Introduction
Stokvels and savings clubs have long been a cornerstone of South Africa’s informal economy, playing a crucial role in fostering financial resilience among communities.
As these groups increasingly integrate into the formal savings and investment system, the question arises: how can financial institutions better serve this vibrant and vital segment?
Trends in Stokvels and Savings Groups
According to African Response, over R50 billion is saved or invested annually through stokvels and savings groups, representing a significant slice of South Africa’s collective investment management industry, which boasted nearly R3.5 trillion in assets under management by the end of 2023.
In July, African Response conducted a survey among 1,481 members of its MzansiVoice online panel. The findings were telling: 71% of respondents reported saving through a stokvel or savings group, and 47% of panel members under the age of 35 indicated they are using advisory services from banks and investment insurers to guide their group’s financial decisions. This trend, which has emerged strongly over the past four years, offers promising news for the financial services market.
A Gap in the Market
Despite the growing involvement of formal financial institutions, a significant gap remains in the market. Of those saving or investing through a stokvel or savings group, 41% use a group account, while a notable 59% choose alternative methods, such as placing funds in a member’s account, investing in cryptocurrency, or even keeping cash “under the mattress.” This approach, though convenient, introduces risks, such as tax implications and potential loss of funds.
Financial institutions have a unique opportunity to address these risks by developing innovative solutions tailored to the realities and preferences of stokvel members. It’s essential to remember that stokvels historically emerged as a response to being excluded from the formal credit system. Today, they are among South Africa’s largest and safest microlenders, underpinned by strong community cohesion and trust.
Unlocking the Potential
For financial institutions, taking stokvels and savings groups seriously means recognizing the strong social connections and financial discipline that define these groups.

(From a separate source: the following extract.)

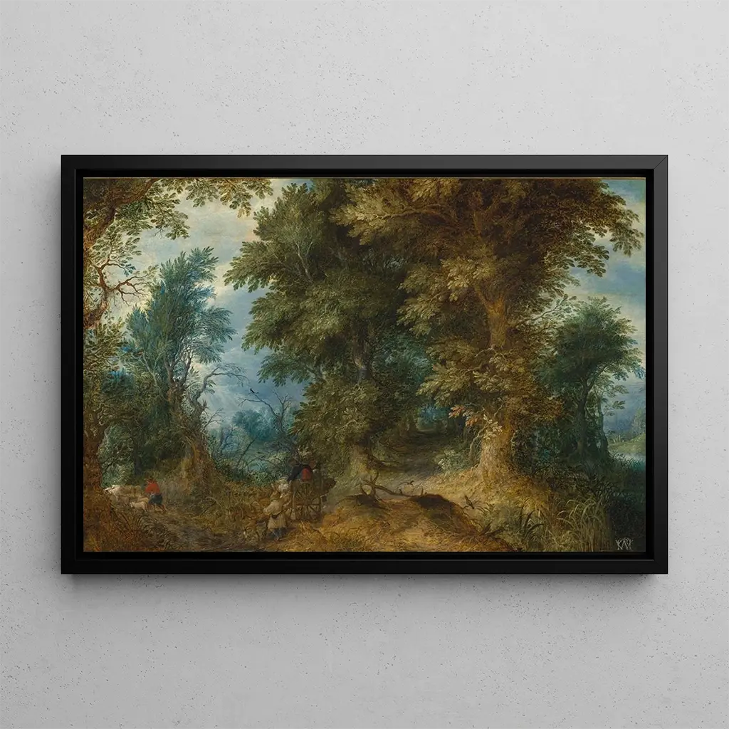 The art print "Landscape Forest Scene" by Abraham Govaerts evokes an immersion into a wooded world, where light filters through dense foliage. The rich, earthy colors, ranging from deep greens to warm browns, create a calming and serene atmosphere. Govaerts's technique, characterized by delicate brushstrokes and meticulous attention to detail, brings to life every element of the scene, from majestic trees to shimmering streams. This art print invites contemplation, offering a visual escape to a natural haven of peace.

Even if a stokvel’s collective savings amount to “just” R100,000, this figure reflects the remarkable ability of its members to plan ahead and save for diverse goals such as education, business development, and property investment.
Onboarding stokvels and savings groups into the formal savings and investment market not only serves the interests of these communities but also offers financial institutions a pathway to broaden their customer base. Encouraging savings and investment among South Africans is crucial, and by integrating stokvels, we could more accurately report on the national savings rate, which stood at a low 0.5% in 2023.
Conclusion
The inclusion of stokvels and savings clubs in South Africa’s formal financial system presents a win-win opportunity.
By tailoring products and services to meet the unique needs of these groups, financial institutions can unlock a wealth of opportunities while empowering millions of South Africans to secure their financial futures.